Prometheus Fail2Ban exporter

This helm chart enables the deployment of a Prometheus metrics exporter for Fail2Ban and allows the individual configuration of additional containers/initContainers, mounting of volumes and defining additional environment variables, apply a user-defined webConfig.yaml and much more.

Important

This helm chart does not contain a fail2ban daemon, nor any jail configurations. The daemon can be mounted into the filesystem of the exporter via a volume. By default is the hostPath /var/run/fail2ban mounted into the pod.

Chapter configuration and installation describes the basics how to configure helm and use it to deploy the exporter. It also contains further configuration examples.

Furthermore, this helm chart contains unit tests to detect regressions and stabilize the deployment. Additionally, this helm chart is tested for deployment scenarios with ArgoCD.

Helm: configuration and installation

1. A helm chart repository must be configured, to pull the helm charts from.
2. All available parameters are here in detail documented. The parameters can be defined via the helm --set flag or directly as part of a values.yaml file. The following example defines the prometheus-exporter repository and use the --set flag for a basic deployment.

Important

By default is neither a serviceMonitor nor a podMonitor enabled. Use prometheus.metrics.serviceMonitor.enabled=true or prometheus.metrics.podMonitor.enabled=true to enable one monitor deployment. Deploying both monitors at the same time is not possible.

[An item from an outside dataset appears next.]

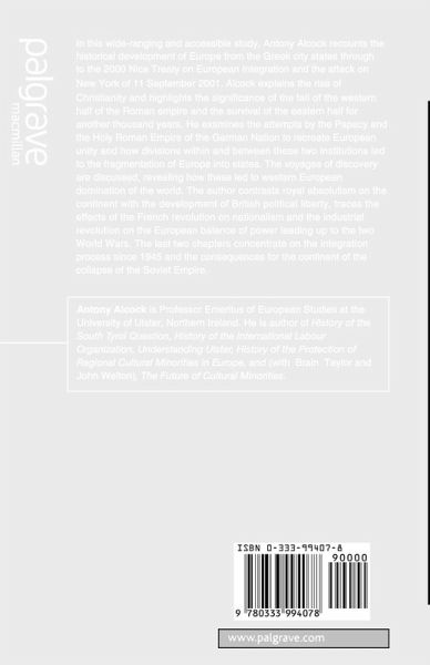 In this work, Antony Alcock recounts the historical development of Europe from the Greek city states through to the 2000 Nice Treaty on European Integration and the attack on New York of 11 September 2001. This Short History of Europe is told simply and accessibly, yet provides the political, economic, social and cultural context for Europe's increasing integration, based on the three pillars of Greek political thought, Roman law and the Christian religion, including analysis of new material, Antony Alcock brings his history fully up-to-date looking at such issues as the collapse of Yugoslavia, immigration and asylum seekers and finally consideration of the future of Europe in the twenty first century.

helm repo add prometheus-exporters https://charts.cryptic.systems/prometheus-exporters
helm repo update
helm install prometheus-fail2ban-exporter prometheus-exporters/prometheus-fail2ban-exporter \
  --set 'prometheus.metrics.enabled=true' \
  --set 'prometheus.metrics.serviceMonitor.enabled=true'

Instead of passing all parameters via the set flag, it is also possible to define them as part of the values.yaml. The following command downloads the values.yaml for a specific version of this chart. Please keep in mind, that the version of the chart must be in sync with the values.yaml. Newer minor versions can have new features. New major versions can break something!

CHART_VERSION=0.1.0
helm show values prometheus-exporters/prometheus-fail2ban-exporter --version "${CHART_VERSION}" > values.yaml

A complete list of available helm chart versions can be displayed via the following command:

helm search repo prometheus-fail2ban-exporter --versions

The helm chart also contains some prometheusRules. These are deactivated by default and serve as examples/inspiration for customizations. These can be configured in more detail via values.yaml.

Examples

The following examples serve as individual configurations and as inspiration for how deployment problems can be solved.

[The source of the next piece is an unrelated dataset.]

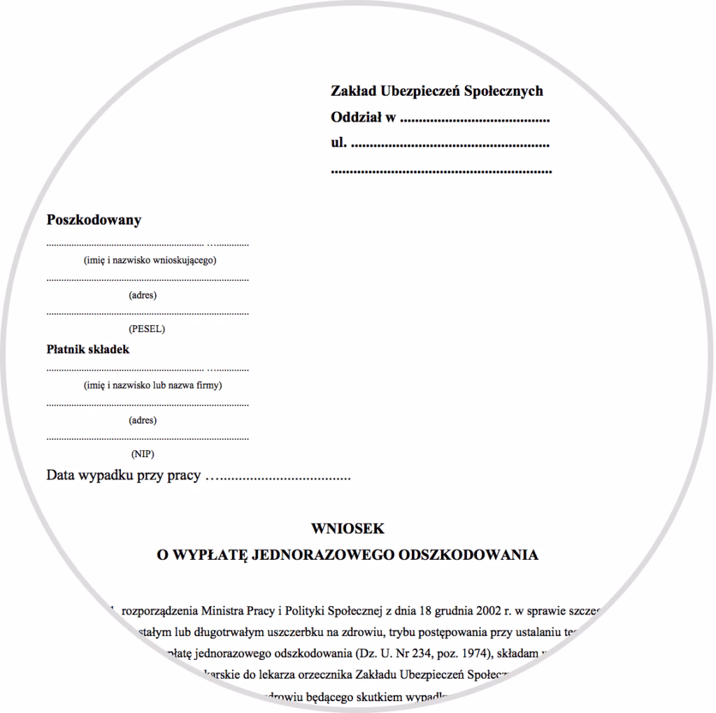 Opiszmy, jak wygląda nasze życie po wypadku, a także jakie rokowania na przyszłość ma nasz stan zdrowia. Jeśli zdarzenie odbiło piętno na naszej psychice nie bójmy się o tym pisać. roszczenia odszkodowawcze - poszkodowany we wniosku zobowiązany jest do wskazania o jakie roszczenia wnioskuje, a także w jakiej kwocie.

Avoid CPU throttling by defining a CPU limit

If the application is deployed with a CPU resource limit, Prometheus may throw a CPU throttling warning for the application. This has more or less to do with the fact that the application finds the number of CPUs of the host, but cannot use the available CPU time to perform computing operations.

The application must be informed that despite several CPUs only a part (limit) of the available computing time is available. As this is a Golang application, this can be implemented using GOMAXPROCS. The following example is one way of defining GOMAXPROCS automatically based on the defined CPU limit like 100m. Please keep in mind, that the CFS rate of 100ms - default on each kubernetes node, is also very important to avoid CPU throttling.

Further information about this topic can be found here.

Note

The environment variable GOMAXPROCS is set automatically, when a CPU limit is defined. An explicit configuration is not anymore required.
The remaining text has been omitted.